===== GIVEN INFORMATION =====
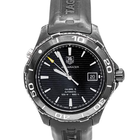 reloj Para caballero “tag Heuer” *aquaracer* referencIa wak2180 caja 41 mm en acero PvD, Pulso caucHo con Detalle, carátula negra sIn cIfras, movImIento automátIco, serIe ePg4xxx, calIbre 5, joyas 26, gramos 89.6, estaDo De conservacIón satIsfactorIo
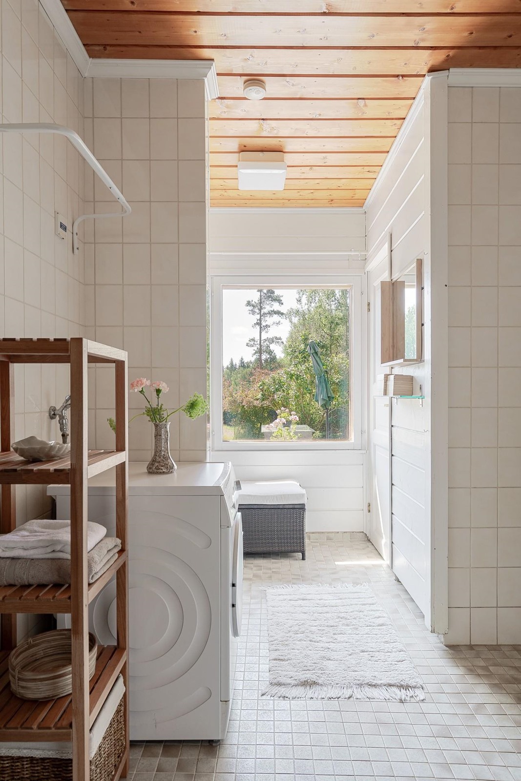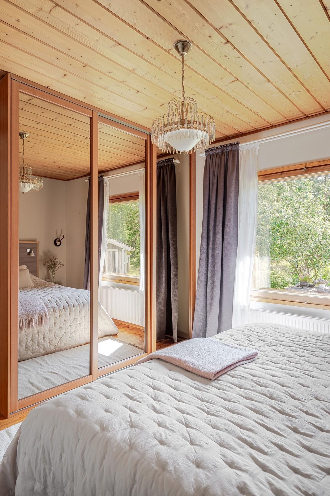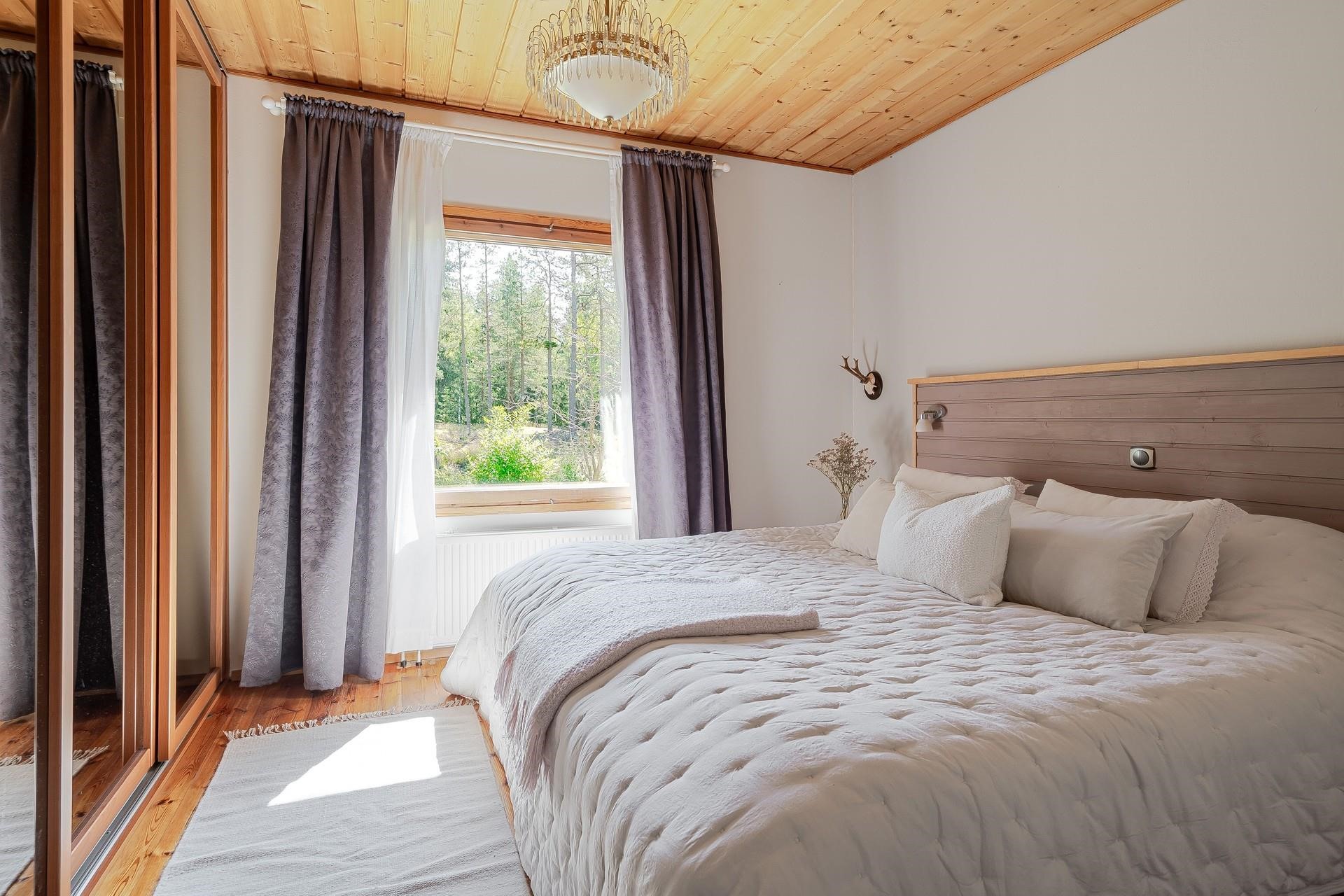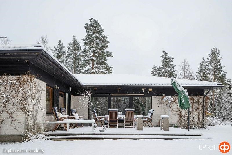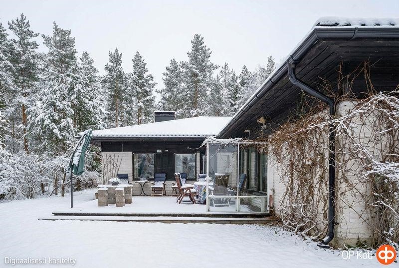 Viiden makuuhuoneen ja keittiön lisäksi tässä kodissa on kolme erillistä kylpyhuonetta ja tilava saunaosasto, jossa sekä puu- että sähkölämmiteinen kiuas. Terassille mahtuu mukavasti ruokaryhmä. Kodista avautuu upeat näkymät ja ympärilläsi luonto on lähellä: pihapiirissä saatat nähdä hirviä, valkohäntä- ja kuusipeuroja, joskus myös ketun.
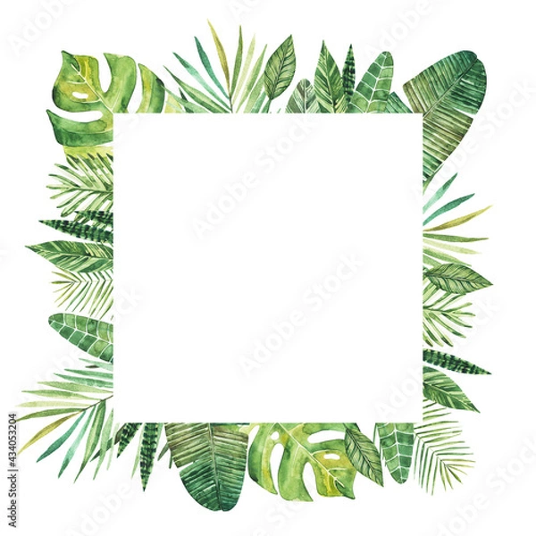 Fototapeta Watercolor square frame of tropical leaves and branches. A background for invitations, advertising, postcards zostanie wykonana z dbałością o każdy detal, dostępna jest na wysokiej jakości materiałach, takich jak lateks 130g/m2, flizelina 265g/m2, winyl 290g/m2, beton 450g/m2, samoprzylepna, dodatkowo laminowana i wiele innych zapewniających doskonałe nasycenie kolorów oraz trwałość. Każdy wzór jest tworzony z dbałością o najdrobniejsze detale, spełniając Twoje oczekiwania. Bryty drukowane są do szerokości 100cm (powyżej - bryty dzielone są na równe części).
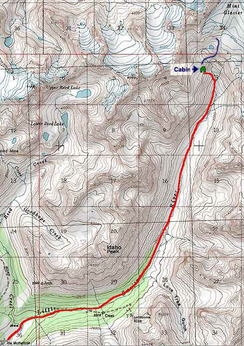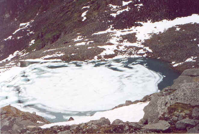 Be prepared for rain and cold. If it's raining you will get soaked bushwhacking through the willow if you aren't well protected. Added by the webmaster in 2009: I wrote this when I went in September, 2000. In June of 2009, it was very clear and not a problem. I'm not sure if this was due to trail work or just that the shrubs haven't had time to grow.
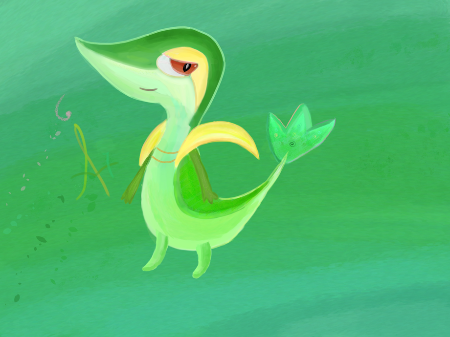 Drew this Snivy and am really happy with how it turned out overall. The tail resembles a leaf and is decorated with spirals and pretty colours, the dark green parts have been marked to resemble a little closer with a frog-like creature and the signature has a tree motif and blossoms / leaves blowing in the wind. Next time I hope I can make the legs look better.
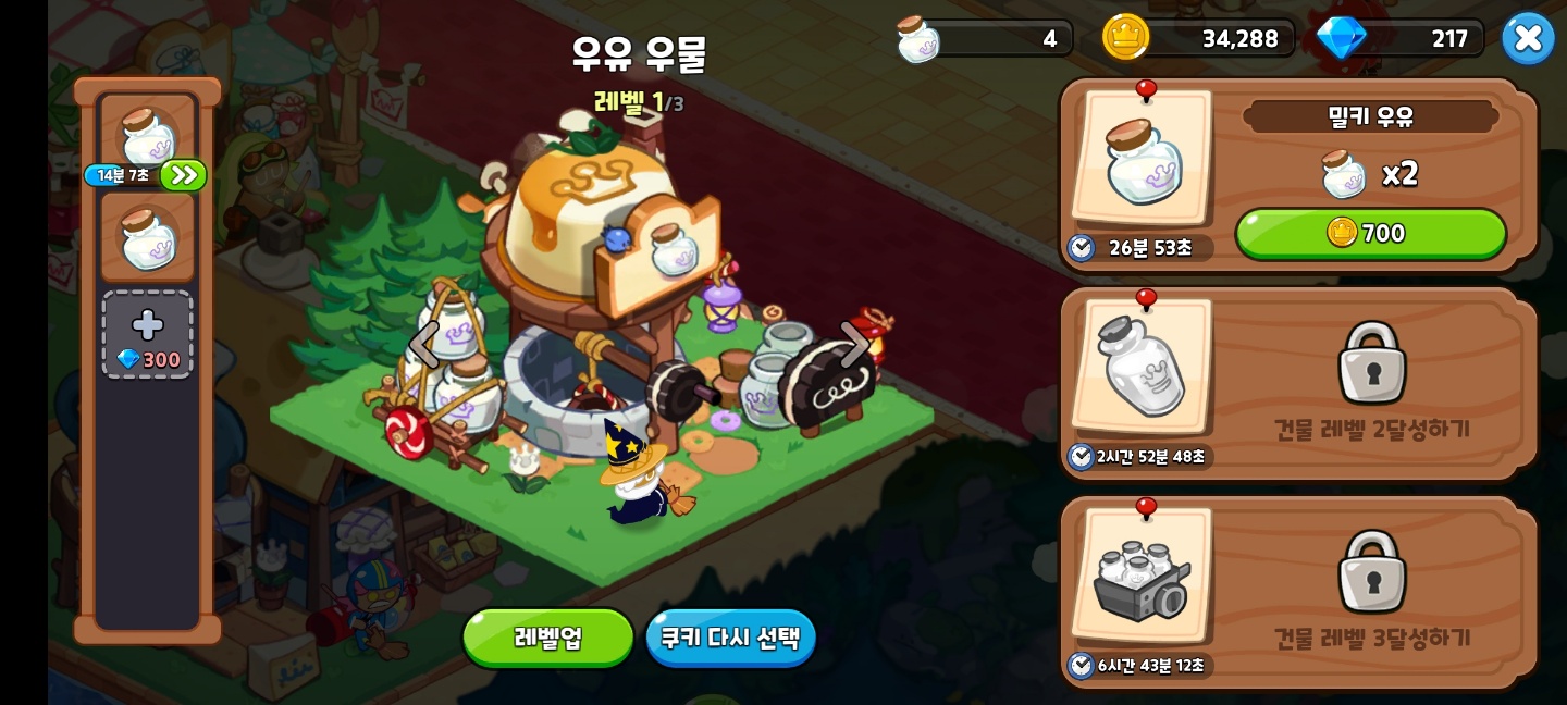 밀키우유 가공소, 카페 라떼, 러블리 인형공방은 쿠키성 업글할때 미션에 포함되서 지을수밖에 없는데요
=====
#### WHAT THIS TASK INVOLVES
Each line from the first line of the entries through the line containing "Viiden makuuhuoneen ja" should be duplicated word for word, and nothing more; the pictures stay out.

#### SOLUTION BELOW
 reloj Para caballero “tag Heuer” *aquaracer* referencIa wak2180 caja 41 mm en acero PvD, Pulso caucHo con Detalle, carátula negra sIn cIfras, movImIento automátIco, serIe ePg4xxx, calIbre 5, joyas 26, gramos 89.6, estaDo De conservacIón satIsfactorIo
 Viiden makuuhuoneen ja keittiön lisäksi tässä kodissa on kolme erillistä kylpyhuonetta ja tilava saunaosasto, jossa sekä puu- että sähkölämmiteinen kiuas. Terassille mahtuu mukavasti ruokaryhmä. Kodista avautuu upeat näkymät ja ympärilläsi luonto on lähellä: pihapiirissä saatat nähdä hirviä, valkohäntä- ja kuusipeuroja, joskus myös ketun.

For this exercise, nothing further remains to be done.